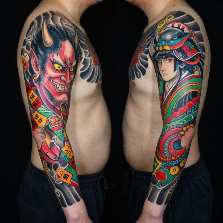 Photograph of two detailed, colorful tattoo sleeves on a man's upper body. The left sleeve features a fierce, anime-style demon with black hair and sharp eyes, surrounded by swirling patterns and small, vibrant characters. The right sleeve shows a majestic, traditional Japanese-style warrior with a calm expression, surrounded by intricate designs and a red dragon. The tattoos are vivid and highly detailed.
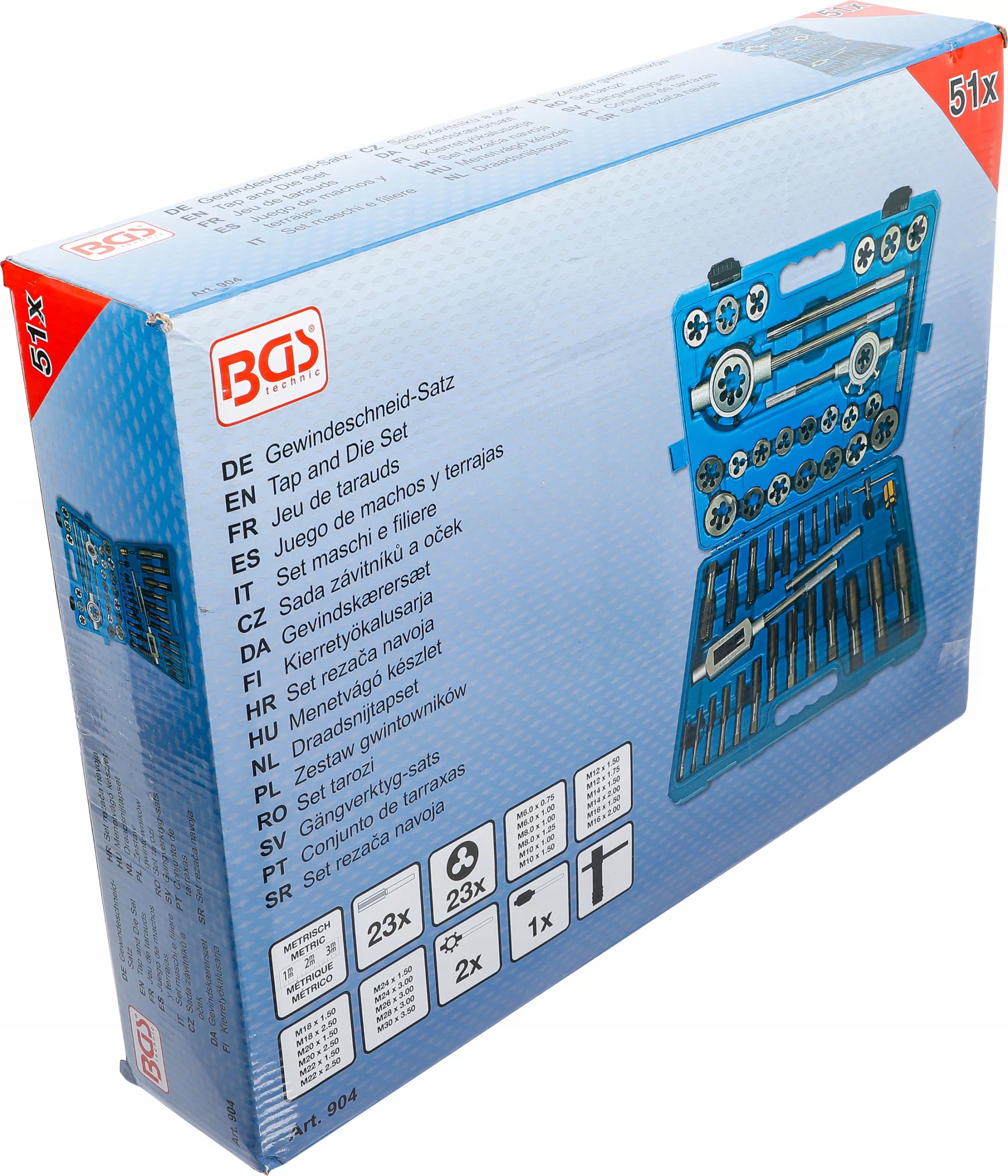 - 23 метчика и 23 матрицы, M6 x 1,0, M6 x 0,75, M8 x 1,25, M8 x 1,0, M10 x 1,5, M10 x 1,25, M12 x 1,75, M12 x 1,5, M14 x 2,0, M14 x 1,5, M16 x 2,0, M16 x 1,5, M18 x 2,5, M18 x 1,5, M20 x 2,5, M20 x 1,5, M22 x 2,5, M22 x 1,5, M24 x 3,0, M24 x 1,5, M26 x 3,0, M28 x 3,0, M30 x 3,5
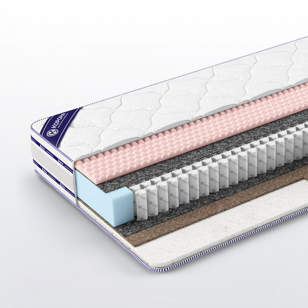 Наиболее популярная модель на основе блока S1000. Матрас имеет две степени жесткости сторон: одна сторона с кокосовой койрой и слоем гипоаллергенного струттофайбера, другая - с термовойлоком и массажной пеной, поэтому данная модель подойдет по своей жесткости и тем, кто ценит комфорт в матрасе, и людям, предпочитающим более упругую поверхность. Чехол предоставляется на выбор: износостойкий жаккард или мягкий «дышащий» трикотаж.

- TASK GOAL
Copy the listing exactly, omitting pictures.

- ANSWER
 Photograph of two detailed, colorful tattoo sleeves on a man's upper body. The left sleeve features a fierce, anime-style demon with black hair and sharp eyes, surrounded by swirling patterns and small, vibrant characters. The right sleeve shows a majestic, traditional Japanese-style warrior with a calm expression, surrounded by intricate designs and a red dragon. The tattoos are vivid and highly detailed.
 - 23 метчика и 23 матрицы, M6 x 1,0, M6 x 0,75, M8 x 1,25, M8 x 1,0, M10 x 1,5, M10 x 1,25, M12 x 1,75, M12 x 1,5, M14 x 2,0, M14 x 1,5, M16 x 2,0, M16 x 1,5, M18 x 2,5, M18 x 1,5, M20 x 2,5, M20 x 1,5, M22 x 2,5, M22 x 1,5, M24 x 3,0, M24 x 1,5, M26 x 3,0, M28 x 3,0, M30 x 3,5
 Наиболее популярная модель на основе блока S1000. Матрас имеет две степени жесткости сторон: одна сторона с кокосовой койрой и слоем гипоаллергенного струттофайбера, другая - с термовойлоком и массажной пеной, поэтому данная модель подойдет по своей жесткости и тем, кто ценит комфорт в матрасе, и людям, предпочитающим более упругую поверхность. Чехол предоставляется на выбор: износостойкий жаккард или мягкий «дышащий» трикотаж.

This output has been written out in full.